The Cost of Scholarship to Non-Elite Law Schools

I've been resisting the temptation to get into the discussion lighting up the legal academic blogs these days: responses to Brian Tamanaha's post on why non-elite schools (I'm guessing that's what US News calls the third and fourth tier, though perhaps that includes some schools in US News' top 100) should avoid interdisciplinary studies. Mary's been talking about the value of interdisciplinary work for a long time. There's a ton to be said here and I hope to talk about applied legal history at some point, though that'll have to wait for another visit since my time is drawing to a close. But right now I don't want to get wrapped into a debate over the value of interdisciplinary work.

Tamanaha's debate has crystalized, it seems to me, into a discussion of the cost of faculty who write scholarship, be it traditional or interdisciplinary. Tamanaha's moved in the direction of discussion of costs of faculty another recent post. It's important to ask what causes the high cost of legal education. It's easy to blame the faculty for them. I want to address a piece of the cost, which I have not yet seen anyone else mention.

One way to run a law school is to do away with the writing component of the job and ask faculty to teach more.
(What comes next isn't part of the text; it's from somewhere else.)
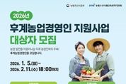 정안뉴스 안정주 기자 | 대구광역시농업기술센터는 미래 농업 인력의 주축이 될 유능한 농업인을 육성하기 위해 ‘2026년도 후계농업경영인 선발’을 위한 신청을 받는다. 후계농업경영인 육성사업은 농업의 지속적인 발전을 이끌 유망한 예비 농업인과 농업경영인을 발굴해, 일정 기간 자금·교육·컨설팅 등을 종합적으로 지원함으로써 정예 농업 인력으로 육성하기 위한 제도다. 신청 대상은 만 18세 이상 만 50세 미만으로, 영농에 종사한 경력이 없거나 10년 미만인 농업인이다. 선발은 서류심사와 평가 절차를 거쳐 최종 확정된다. 선발자에게는 연리 1.5%, 5년 거치 20년 원금 균등분할 상환 조건으로 세대당 최대 5억 원의 정책자금이 융자 지원되며, 지원금은 농지 구입, 시설 설치, 농기계 구입 등 영농 기반 마련에 활용할 수 있다. 신청 기간은 1월 5일부터 2월 11일 오후 6시까지이며, 신청은 온라인으로만 가능하다. 신청을 희망하는 대상자는 차세대 농림사업정보시스템 ‘농업e지’를 통해 온라인으로 신청하면 된다. 신청 마감일에는 접속 지연 등으로 원활한 신청이 어려울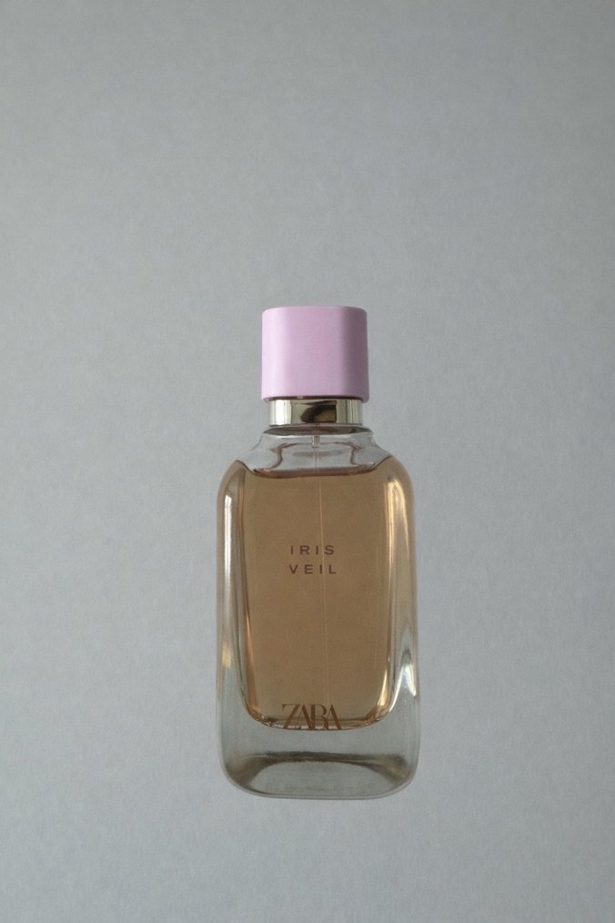 Zara Iris Veil kadın parfümü, şeffaf şişede ve yumuşak pembe kapaklı, zarif ve hafif bir kokuya sahiptir.

And that might make a lot of sense for third and fourth tier law schools. (And I suspect that some third and fourth tier schools already have such a model--at least I suspect that some of those schools' faculty routinely teach more than four courses a year, which is the standard load in law schools these days.) You might think of this as the community college model of running a law school--a faculty of talented, smart, dedicated, excellent teachers.

How much would eliminating writing as a component of the law school faculty duties save our students? Well, there are a bunch of ways of thinking through this. One way is to ask how much we pay faculty and how much we would save if we eliminated those obligations.
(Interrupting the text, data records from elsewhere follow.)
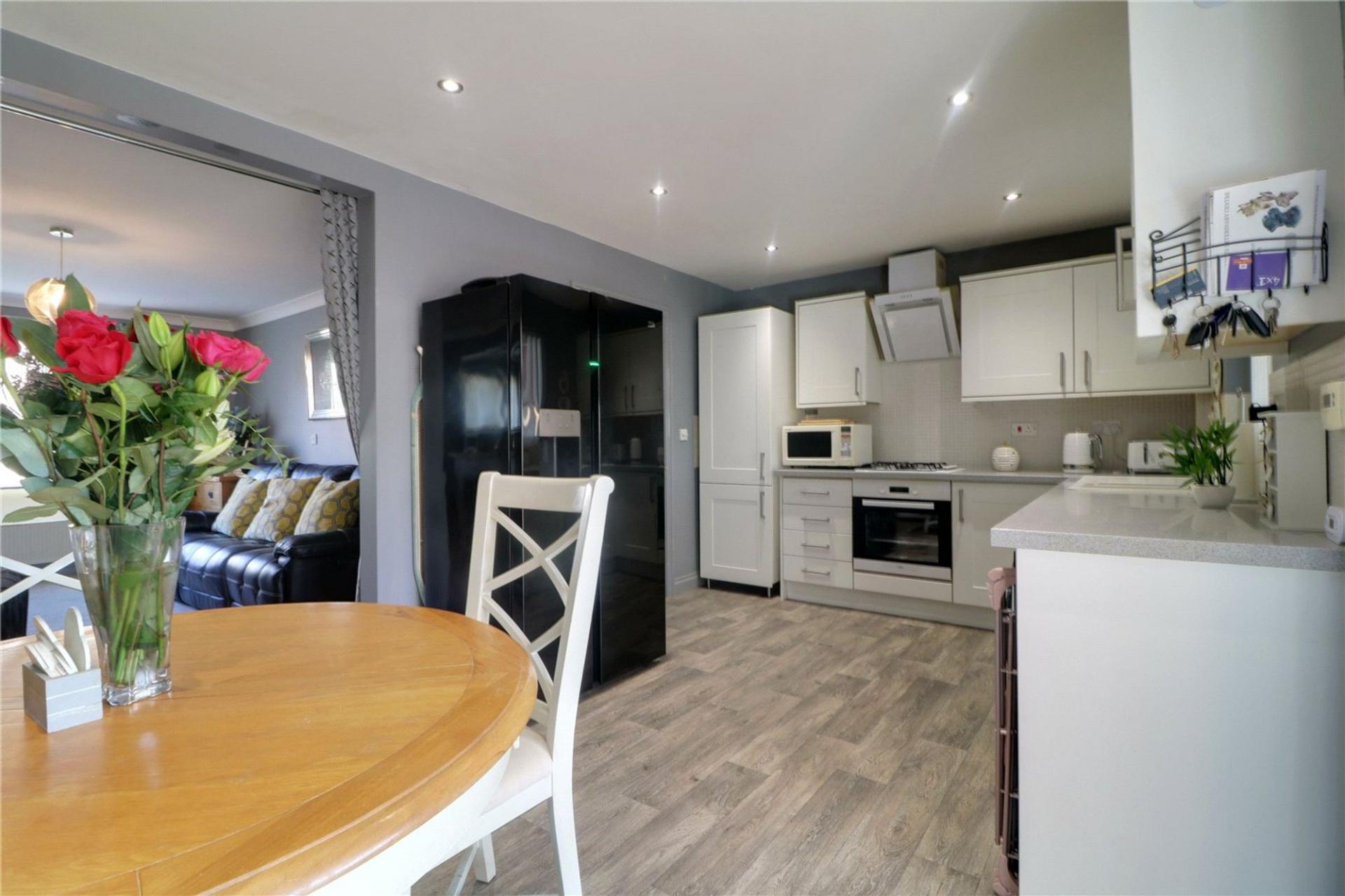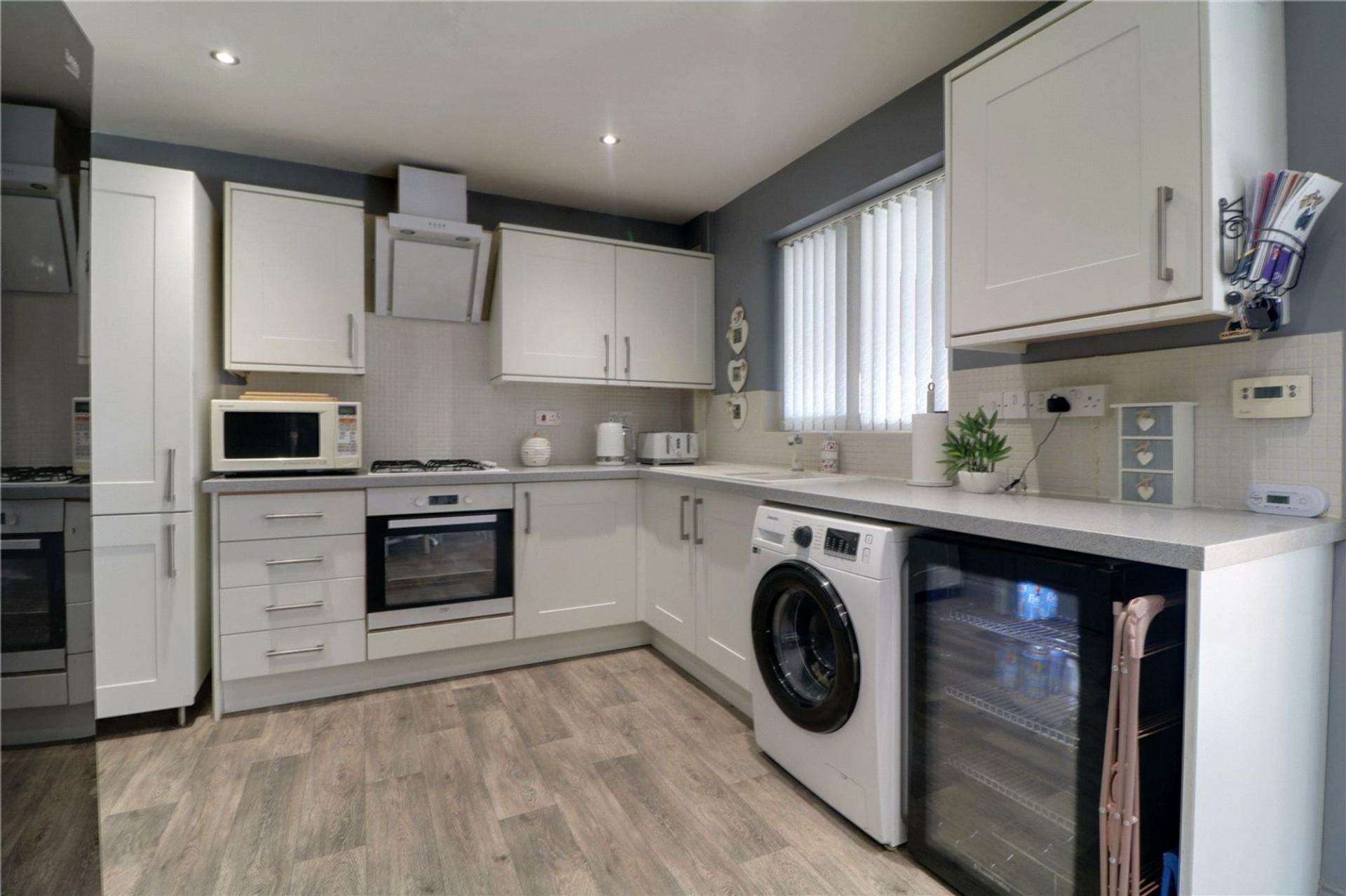 With a rear uPVC double glazed window. The kitchen includes a range of light shaker style low level units, drawer units and wall units with brushed aluminium style pull handles with a patterned working top surface incorporating a one and a half ceramic sink bowl unit with block mixer tap and drainer to the side, built-in Beko electric oven with four ring Belling gas hob with overhead canopied extractor fan, plumbing for a washing machine, space for a tall American style fridge freezer, space for an undercounter fridge, oak style vinyl flooring, inset ceiling spotlights, a wall mounted Ideal Classic gas boiler and an opening that leads through to;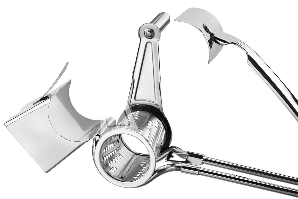 De extra scherpe LASER CUT rasptrommel zorgt voor moeiteloos raspen – tot aan het laatste stukje. Dankzij het slimme ontwerp is de rasp eenvoudig te bedienen én geschikt voor zowel links- als rechtshandigen door de verwisselbare zwengel.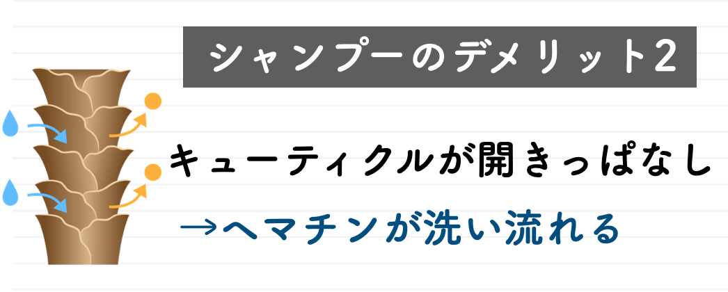 しかも、シャンプー後はキューティクル全開なので、せっかくのヘマチンをほぼ洗い流してしまうことに…。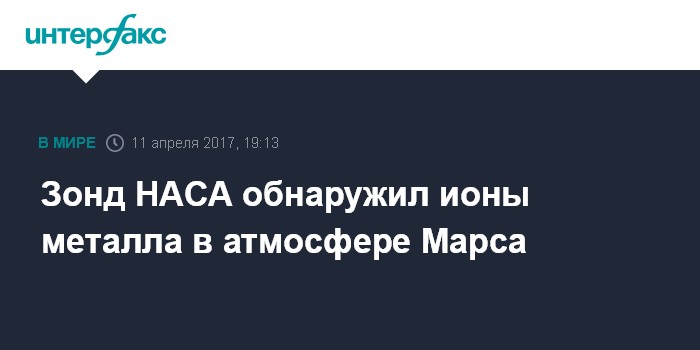 Москва. 11 апреля. INTERFAX.RU - Орбитальный зонд НАСА Maven обнаружил ионы металла в атмосфере Марса.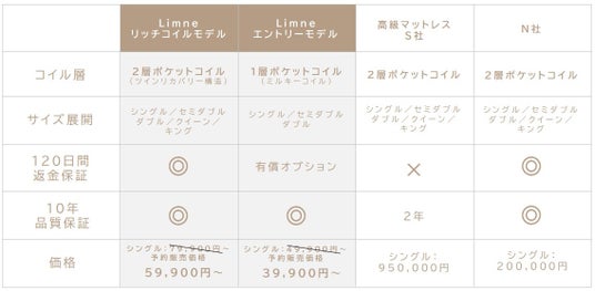 株式会社LIMNE(リムネ)(本社:東京都渋谷区、代表:合谷賢幸)は、 100万円を超える高級マットレスに多く採用されている「二層ポケットコイル構造」を採用した新シリーズ「Limneリッチコイルモデル」と、新感覚な寝心地をもっと身近に感じていただける「Limneエントリーモデル」を発売いたします。

So, take a hypothetical fourth tier law school with 21 faculty. Each faculty members costs $110,000 per year and teach 12 hours a year. Then increase their teaching load to 18 hours a year (a three-three load.) That increase by 50% in the teaching load would allow us to reduce the faculty to 14, for a savings of $770,000 per year. If all of that savings were passed on to student body of 630, that's a savings of $1222 per student. That is perhaps not the earth-shaking transformation in legal education (or the cost of it) that we might hope for. Yet, this might very well be something some schools want to do and it's a choice some students might opt for as well.


There's a lot that can and ought to be said for faculty scholarship; this is just a rough attempt to get a handle on the immediate financial costs to the law school.
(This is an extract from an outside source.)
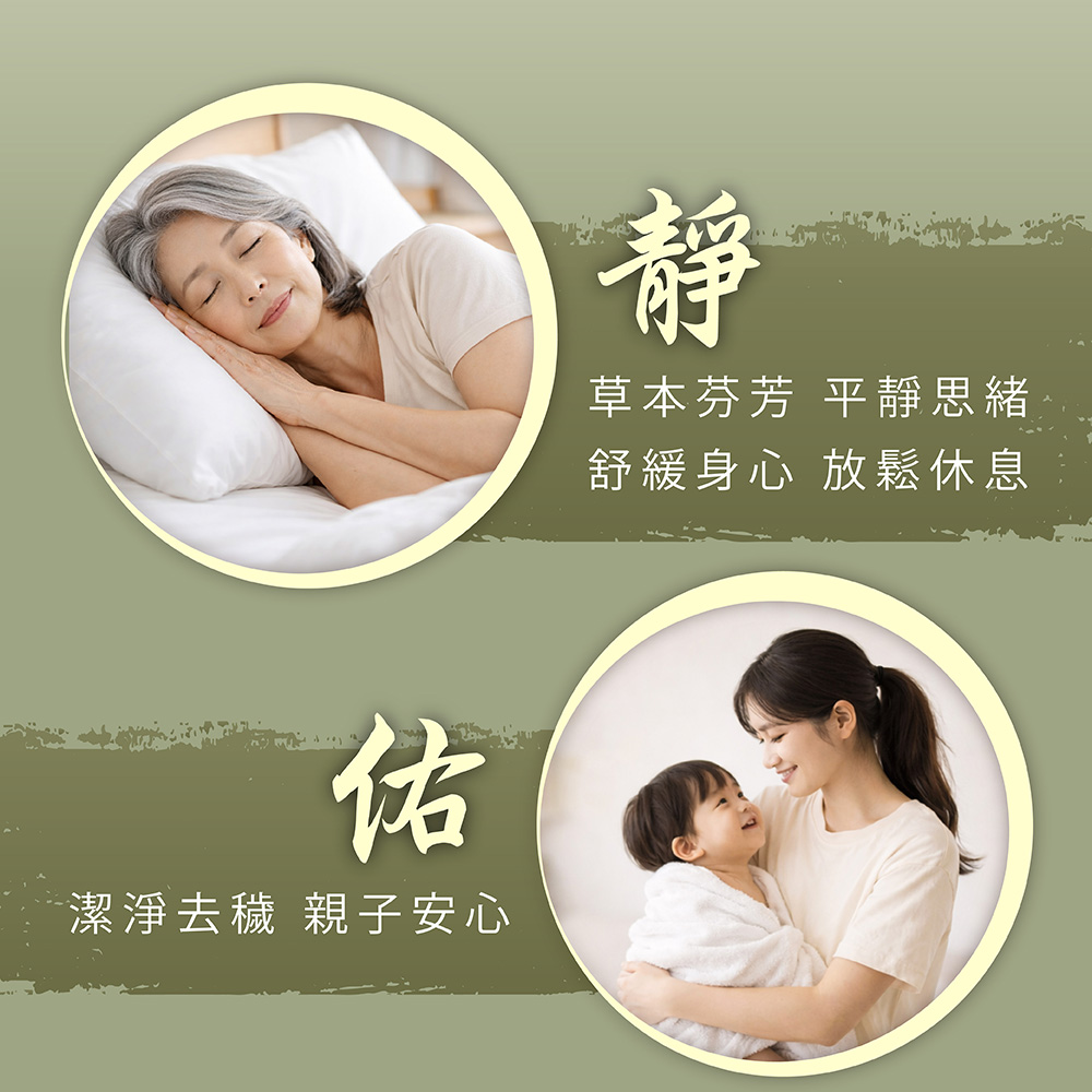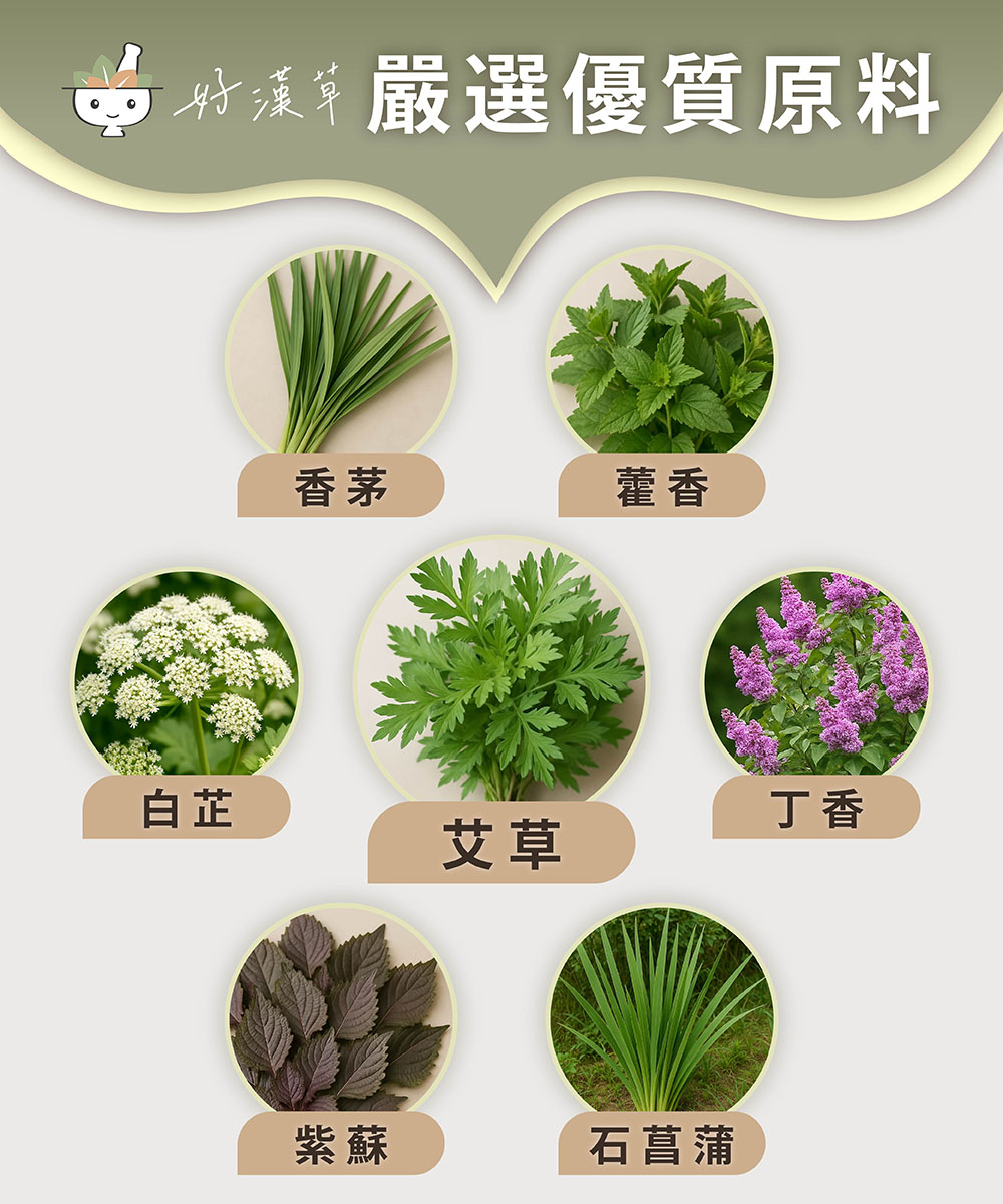 配方中的天然草本植物如艾草、藿香、白芷、丁香、紫蘇、香茅、石菖蒲等,皆有助於平衡身心,讓你擺脫壓力和疲勞,享受平靜和舒適的感覺。

Perhaps there is more of it already going on than I'm familiar with--but for the moment let's assume that increases in teaching loads beyond 12 hours/year are rare even at fourth tier schools. Why we're not seeing more of this? It would seem to me that there are sufficient opportunities for fourth tier schools to innovate in this direction, if there is a need for this and if it makes sense. In short, I'm wondering, if dropping scholarship is such a great idea, why hasn't it happened yet? I wouldn't imagine that the ABA's accreditation standards (particularly 402) would prevent this change.